Problem requirements:
The lines below, from the one holding "Then comes the" through the one holding "Zestaw do kaligrafii", are to be restated word for word, with all images left out.

- - - - -

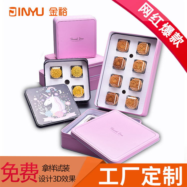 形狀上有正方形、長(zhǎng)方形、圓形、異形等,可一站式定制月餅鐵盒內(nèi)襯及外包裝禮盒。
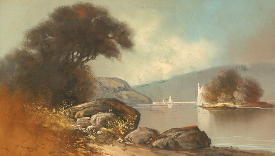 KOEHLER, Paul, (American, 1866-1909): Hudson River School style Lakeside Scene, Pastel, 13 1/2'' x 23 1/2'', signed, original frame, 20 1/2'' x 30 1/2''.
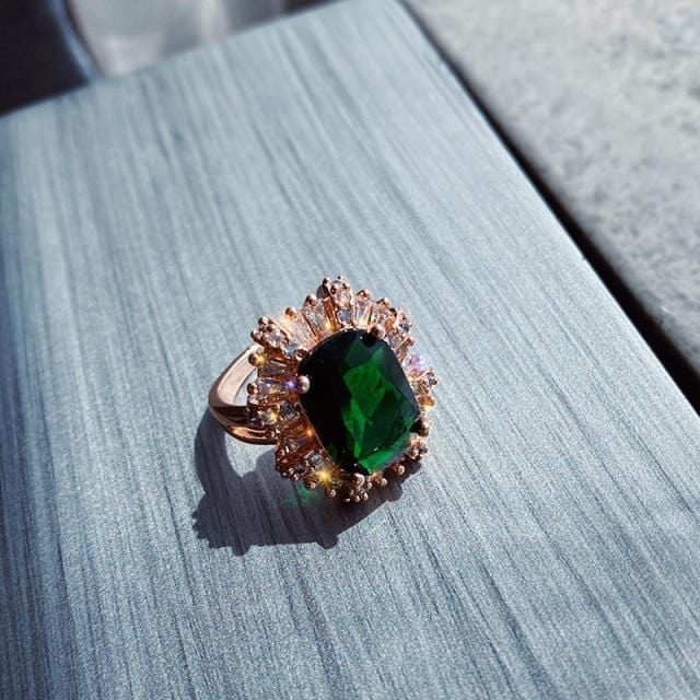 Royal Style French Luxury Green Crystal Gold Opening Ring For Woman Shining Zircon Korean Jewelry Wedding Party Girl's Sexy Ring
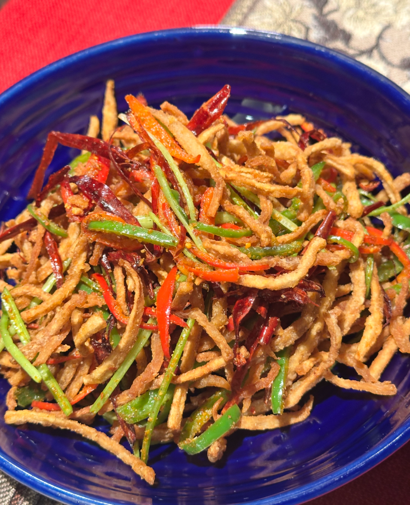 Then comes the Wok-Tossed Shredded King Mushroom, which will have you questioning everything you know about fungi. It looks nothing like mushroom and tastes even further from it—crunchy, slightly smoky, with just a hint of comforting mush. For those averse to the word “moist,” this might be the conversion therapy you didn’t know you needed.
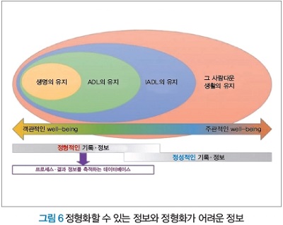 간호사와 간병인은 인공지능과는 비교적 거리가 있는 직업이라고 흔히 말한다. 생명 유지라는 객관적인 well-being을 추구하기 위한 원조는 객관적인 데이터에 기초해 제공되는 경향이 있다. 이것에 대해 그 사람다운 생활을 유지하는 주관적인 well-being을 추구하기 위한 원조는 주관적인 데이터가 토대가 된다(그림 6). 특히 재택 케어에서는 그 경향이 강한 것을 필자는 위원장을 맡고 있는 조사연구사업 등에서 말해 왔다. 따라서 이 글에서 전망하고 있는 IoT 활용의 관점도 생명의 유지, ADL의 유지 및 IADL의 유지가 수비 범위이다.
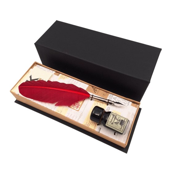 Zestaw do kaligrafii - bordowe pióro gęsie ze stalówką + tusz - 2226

- - - - -

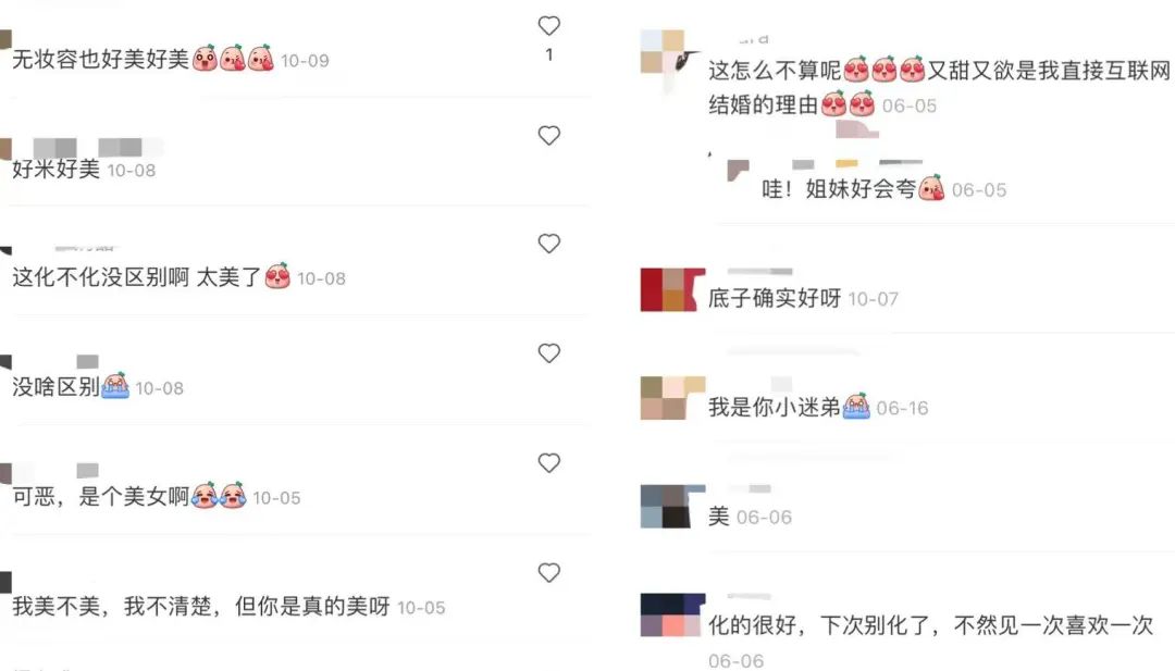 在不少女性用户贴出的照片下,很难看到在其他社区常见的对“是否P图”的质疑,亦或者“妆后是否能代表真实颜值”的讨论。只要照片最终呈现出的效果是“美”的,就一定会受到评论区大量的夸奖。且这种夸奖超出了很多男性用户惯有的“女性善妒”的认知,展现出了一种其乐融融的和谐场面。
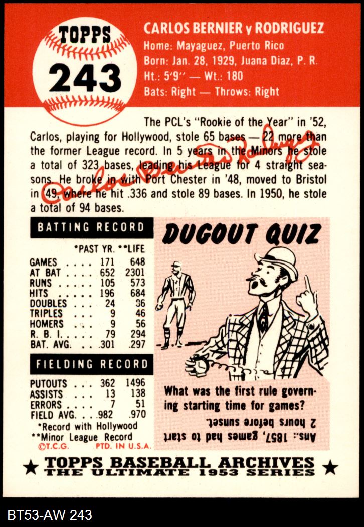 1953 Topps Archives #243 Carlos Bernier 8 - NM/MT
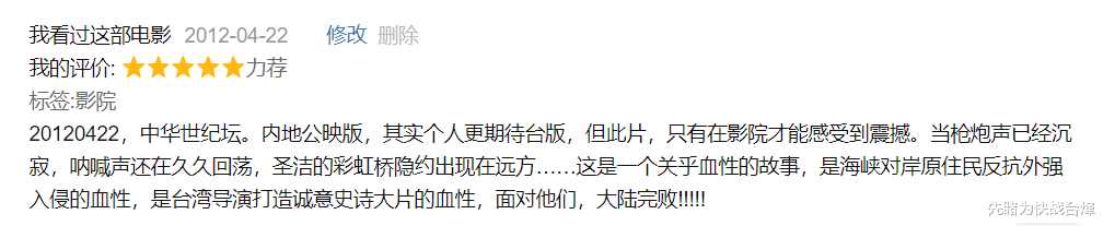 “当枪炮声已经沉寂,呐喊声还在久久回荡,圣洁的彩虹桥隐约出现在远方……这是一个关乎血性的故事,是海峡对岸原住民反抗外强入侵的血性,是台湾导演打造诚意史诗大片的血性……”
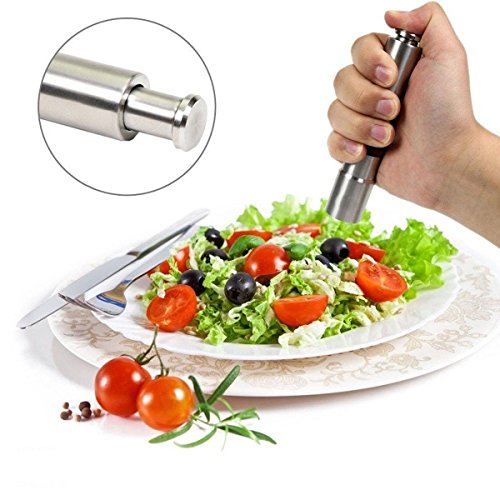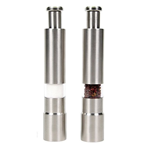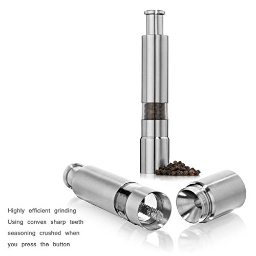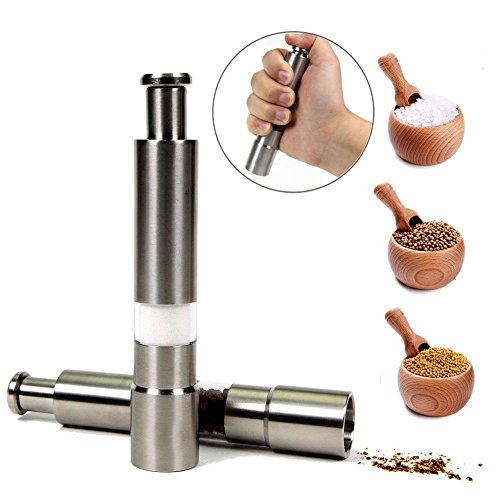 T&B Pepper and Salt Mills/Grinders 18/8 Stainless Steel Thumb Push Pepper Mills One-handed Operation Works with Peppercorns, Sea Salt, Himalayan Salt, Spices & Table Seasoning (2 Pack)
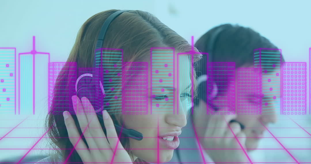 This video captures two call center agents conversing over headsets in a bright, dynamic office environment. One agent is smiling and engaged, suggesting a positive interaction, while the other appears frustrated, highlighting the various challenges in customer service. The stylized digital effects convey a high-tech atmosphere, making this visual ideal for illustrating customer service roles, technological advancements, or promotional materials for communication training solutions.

- - - - -

Output:
 Then comes the Wok-Tossed Shredded King Mushroom, which will have you questioning everything you know about fungi. It looks nothing like mushroom and tastes even further from it—crunchy, slightly smoky, with just a hint of comforting mush. For those averse to the word “moist,” this might be the conversion therapy you didn’t know you needed.
 간호사와 간병인은 인공지능과는 비교적 거리가 있는 직업이라고 흔히 말한다. 생명 유지라는 객관적인 well-being을 추구하기 위한 원조는 객관적인 데이터에 기초해 제공되는 경향이 있다. 이것에 대해 그 사람다운 생활을 유지하는 주관적인 well-being을 추구하기 위한 원조는 주관적인 데이터가 토대가 된다(그림 6). 특히 재택 케어에서는 그 경향이 강한 것을 필자는 위원장을 맡고 있는 조사연구사업 등에서 말해 왔다. 따라서 이 글에서 전망하고 있는 IoT 활용의 관점도 생명의 유지, ADL의 유지 및 IADL의 유지가 수비 범위이다.
 Zestaw do kaligrafii - bordowe pióro gęsie ze stalówką + tusz - 2226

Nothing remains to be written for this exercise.